The use of invertebrate organisms has become a mainstay of aging research, leading to the identification of hundreds of aging genes. Emphasizing the utility of these studies, at least some of these genes and pathways have conserved effects on longevity in mammals. In taking stock of the progress, it is clear that a new, more system wide approach is required to effective move forward. As we see it, there are two main questions that need to be answered: (1) Given that there are hundreds of aging genes, in which altered expression is associated with lifespan extension, in an organism, how many pathways do they represent and how can they be delineated?;(2) what are the mechanisms that drive aging in invertebrate aging models and are they conserved? This latter question has remained stubbornly refractory to a variety of approaches in the aging research field. With an eye toward answering these two questions, in this proposal three research groups with complementary expertise have joined forces to develop a comprehensive understanding of replicative aging in Saccharomyces cerevisiae using a combination of high throughput and state-of-the-art approaches. Dr. Kennedy (in collaboration with Dr. Matt Kaeberlein at the University of Washington) has just completed a genome-wide screen of yeast ORF knockouts for enhanced replicative lifespan.
In Aim 1, we will develop the largest epistasis network of aging using the high-throughput capacity of the Kennedy lab to functionally assess which downstream pathways are required for lifespan extension in a set of representative yeast aging genes.

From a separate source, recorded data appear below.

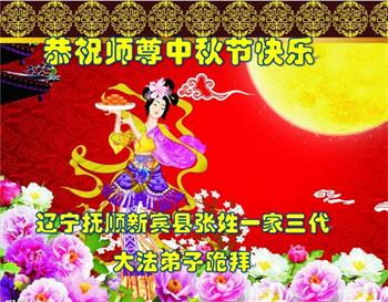 辽宁抚顺市新宾县张姓一家三代大法弟子恭祝师尊中秋节好!
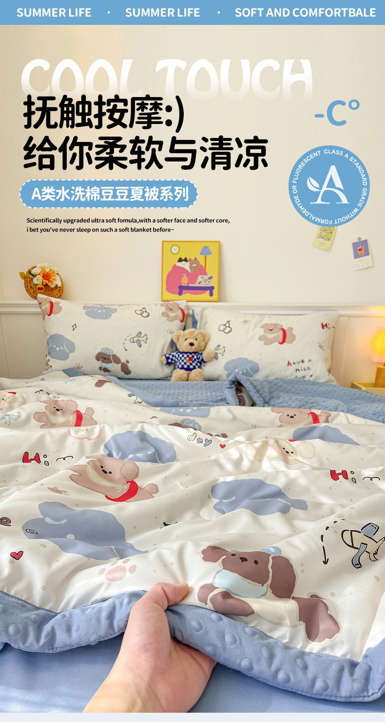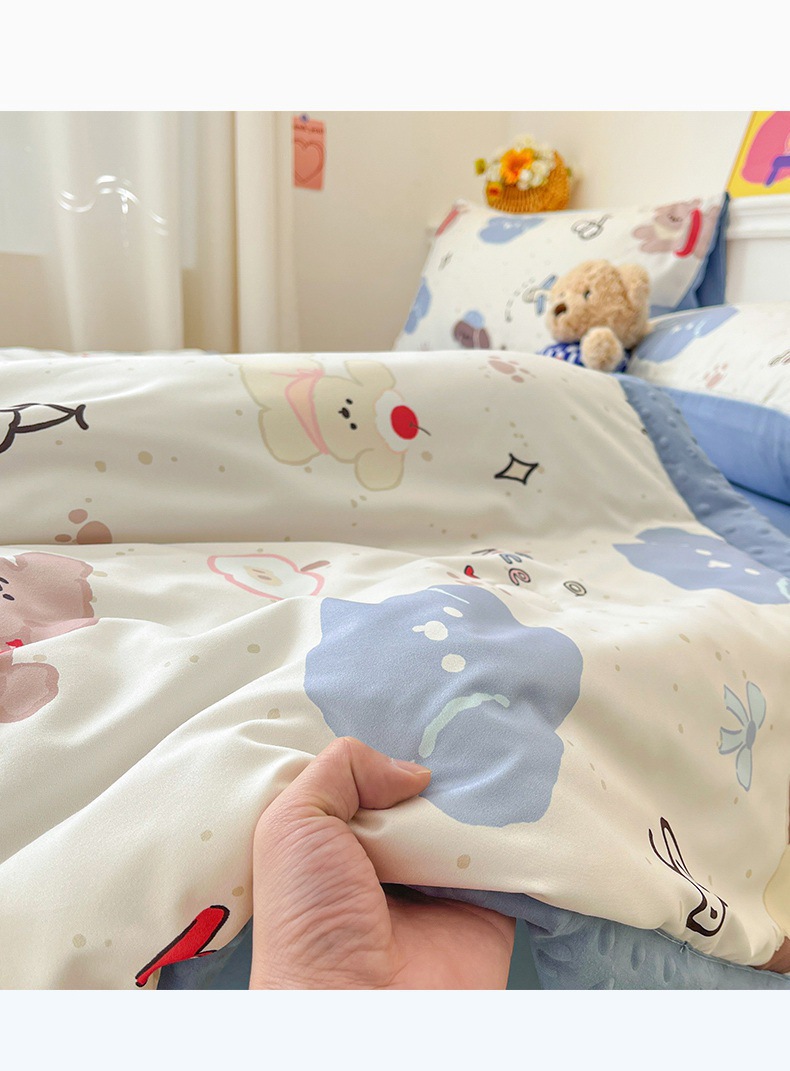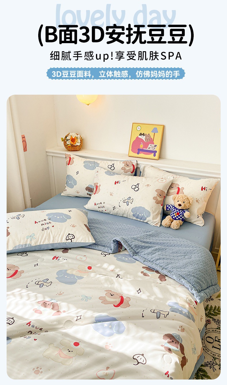 클래스 A 워시 코튼 콩 이불 4피스 어린이 유치원 만화 얇은 이불 기계 세탁 가능한 3피스 여름 이불 도매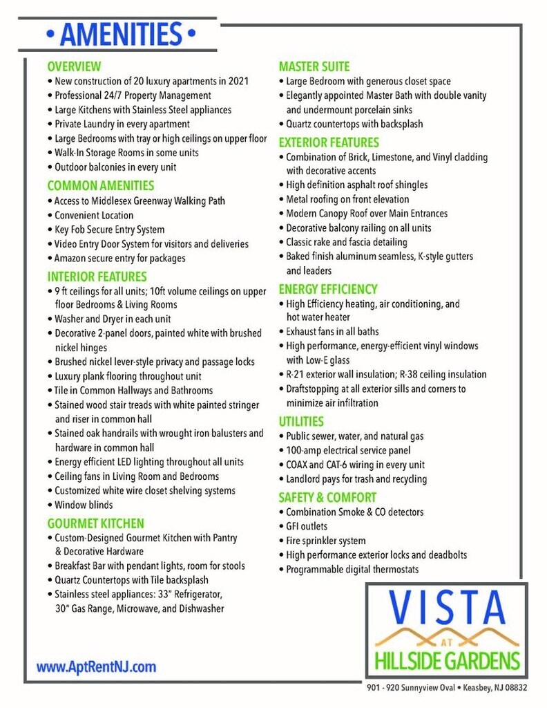 ECHA UN VISTAZO A LA COLECCIÓN VISTA - ¡NUEVA CONSTRUCCIÓN DE APARTAMENTOS DE 1 Y 2 HABITACIONES! Bienvenido a Hillside Garden Apartments, un hermoso lugar para vivir en una de las ubicaciones más cómodas de Nueva Jersey. Este moderno complejo de apartamentos espaciosos y bien diseñados de una, dos o 3 habitaciones está ubicado en un tranquilo entorno tipo parque con árboles frondosos y un vasto predio con césped bien cuidado. Esta atmósfera relajada crea un ambiente que disfrutan los ejecutivos ocupados y las familias. Hillside Garden Apartments ofrece una gran cantidad de experiencias recreativas y de compras. Piensa, puedes disfrutar de todo esto y aun estar cerca de lo principal de Nueva Jersey o a una hora de Nueva York.

In Aim 2, Dr. Li's research group will use a newly developed microfluidic system to determine the state of pathways purported to be involved in aging in the context of long-lived yeast mutants and in Aim 3, Dr. Brem's group will use RNA sequencing to develop a comprehensive gene expression analysis dataset in a range of long-lived mutants. These latter two approaches will help determine the cellular consequences of longevity mutants and by combing those with the epistasis studies in Aim 1, we will generate a comprehensive understanding of replicative aging, identifying the pathways involved and moving toward a mechanistic understanding of longevity.
Understanding the pathways that regulate aging is of critical importance to medical research. The field has come to understand that aging is the biggest risk factor in a range of chronic diseases that are principle causes of morbidity and mortality in the United States. Moreover, slowing aging in model organisms does not just extend lifespan but, more importantly, delays the onset and progression of these diseases. In this proposal, a key step forward, we take a comprehensive system-wide approach to understand aging in a commonly studied model organism: yeast. To date, studies in yeast have led in large part to the identification of two pathways (TOR and Sirtuins) that are among the most studied in mammals, lending strength to the hypothesis that the knowledge we gain from studies in yeast will be applicable to human aging.